■ WHAT YOU ARE ASKED TO DO: What are the lines from the top of the entries through the one with "MACloth Träger V-Ausschnitt"? Write them out exactly, with no pictures.

(Beginning of SUPPLIED DATA)

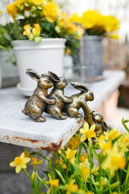 Dekorativ, kobberfarget hagedekorasjon i form av fire søte kaniner som hjelper hverandre. Plasser den på en stein i hagen, på terrassen eller innendørs for å skape påskestemning.
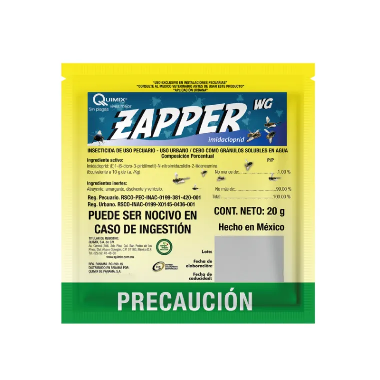 El imidacloprid presenta alta eficiencia como atrayente alimenticio y sexual, conocido como Z-9 tricoseno, específico de moscas. Su fórmula controla a las moscas
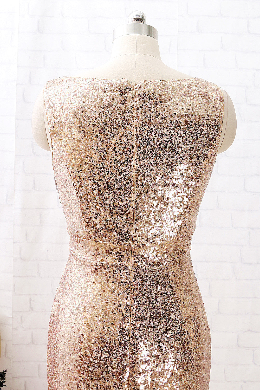 MACloth Träger V-Ausschnitt High Low Pailletten Brautjungfernkleid Schlichtes formelles Abendkleid
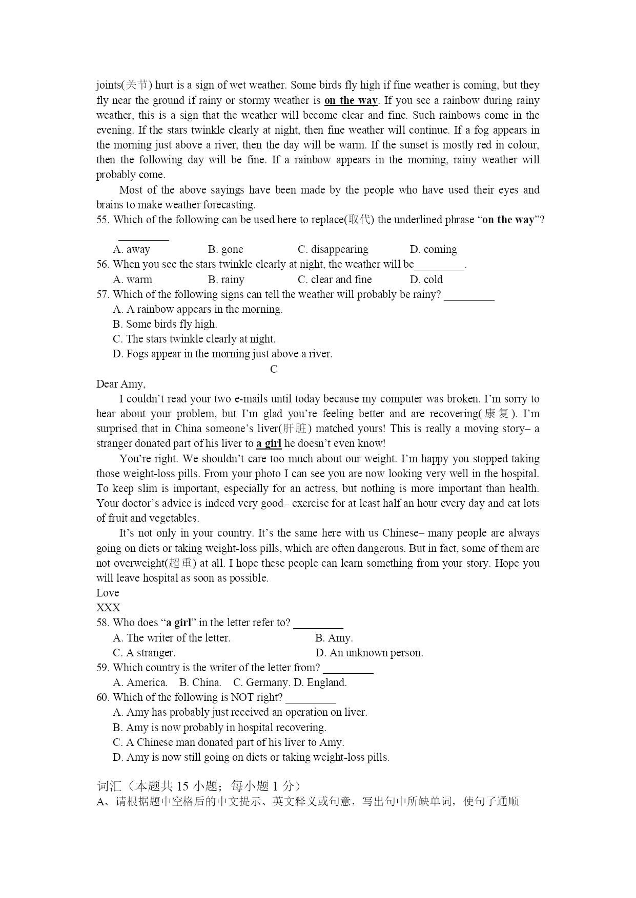 九年级期末复习讲义RG三单项选择(15分)()21.Theworld'spopulation(人口)ismorethan7billion,soscientistswillhaveto_________newwaystosolvefoodproblem.A.catchupwithB.keepupwithC.comeupwithD.makeupwith()22.----Tomhadnothingforbreakfast,_______he?----_______.Hehadsomebreadandmilk.A.had,YesB.had,NoC.did,YesD.did,No()23.MrsZhangis________allhertimeandenergy__________beingamumrightnow.A.devote;onB.devoting;onC.devote;toD.devoting;to()24.MysisterandIoftenargue______whichTVprogramme______.A.about,watchingB.with,towatchC.about,towatchD.with,watching()25..____theageof6,Alice_____takingpianolessons.A.At,beganB.On,beganC.At,havebegunD.On,hadbegun()26.________amazingnews!______one-year-oldchildcandrivesuchabeautifulpicture.A.What,AB.What,AnC.How,AD.Whatan,An()27.It’swrong__________you_________other’shomework.A.of,copyB.for,copyC.of,tocopyD.for,tocopy()28.________you_________heisinterestedinTVseries,butIam.A.Neither;norB.Notonly;butalsoC.Either;orD.Both;and()29.Andywouldrather______whileMillieprefers_______to_______.A.walk,jogging,walkingB.walk,jogging,walkC.towalk,tojog,walkingD.walking,jog,walk()30.—Whathappened?—Theoldmannextdoorwasfound_____inthelivingroom.It'sverysadA.deadB.dieC.diedD.death()31.It’stimefortest.Bequiet,please.I’mgoingto_____yourtestpapers.A.giveupB.giveoutC.handinD.workout()32.Thequestionis_________thatnobodycananswerit.A.veryhardB.toodifficultC.strangeenoughD.sostrange().–Look,Marylookssad.Let’sgoand_______.A.cheeruphimB.cheerhimupC.cheerupherD.cheerherup()34.–Mum,canIhavesomething________?–Oh,dear.Youcanonlydrinksomewater.Thereis________inthekitchen.A.todrink;nothingelseB.drinking;somethingelseC.toeat;somethingelseD.eating;nothingelse()35.Icanhardlyknow_______somuchwastewater.A.howtodowithB.whattodowithC.whattodealwithD.howdealingwith完形填空。(15分)Everyoneneeds__36__.Weallliketowatchclosetosomeone.__37__isnicetohaveafriendtotalk,laugh,anddothingswith.__38__,sometimesweneedtobealone.Wedon’talwayswantpeople__39__.Butwewouldfeellonelyifw
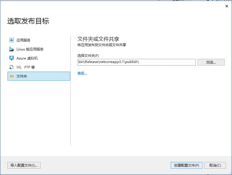 现在我们部署已经创建好的简单应用。在Visual Studio 2019菜单中选择生成->发布,然后选择文件作为发布目标:
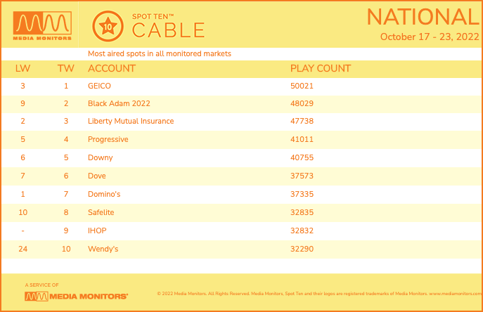 Promotion for the film “Black Adam” was heavy, while a new effort from IHOP pushed the fast-casual chain into the Spot Ten Cable report.
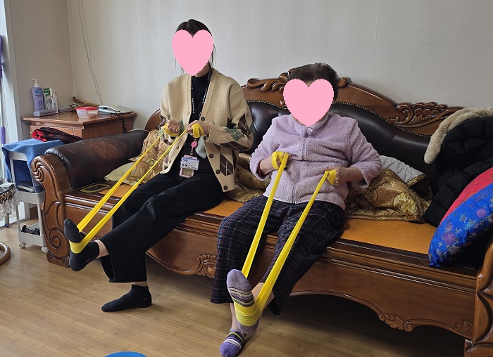 스트레칭과 세라밴드 운동으로 신체 기능을 강화하였으며

(End of SUPPLIED DATA)

■ SOLUTION FOR THIS EXERCISE:
 Dekorativ, kobberfarget hagedekorasjon i form av fire søte kaniner som hjelper hverandre. Plasser den på en stein i hagen, på terrassen eller innendørs for å skape påskestemning.
 El imidacloprid presenta alta eficiencia como atrayente alimenticio y sexual, conocido como Z-9 tricoseno, específico de moscas. Su fórmula controla a las moscas
 MACloth Träger V-Ausschnitt High Low Pailletten Brautjungfernkleid Schlichtes formelles Abendkleid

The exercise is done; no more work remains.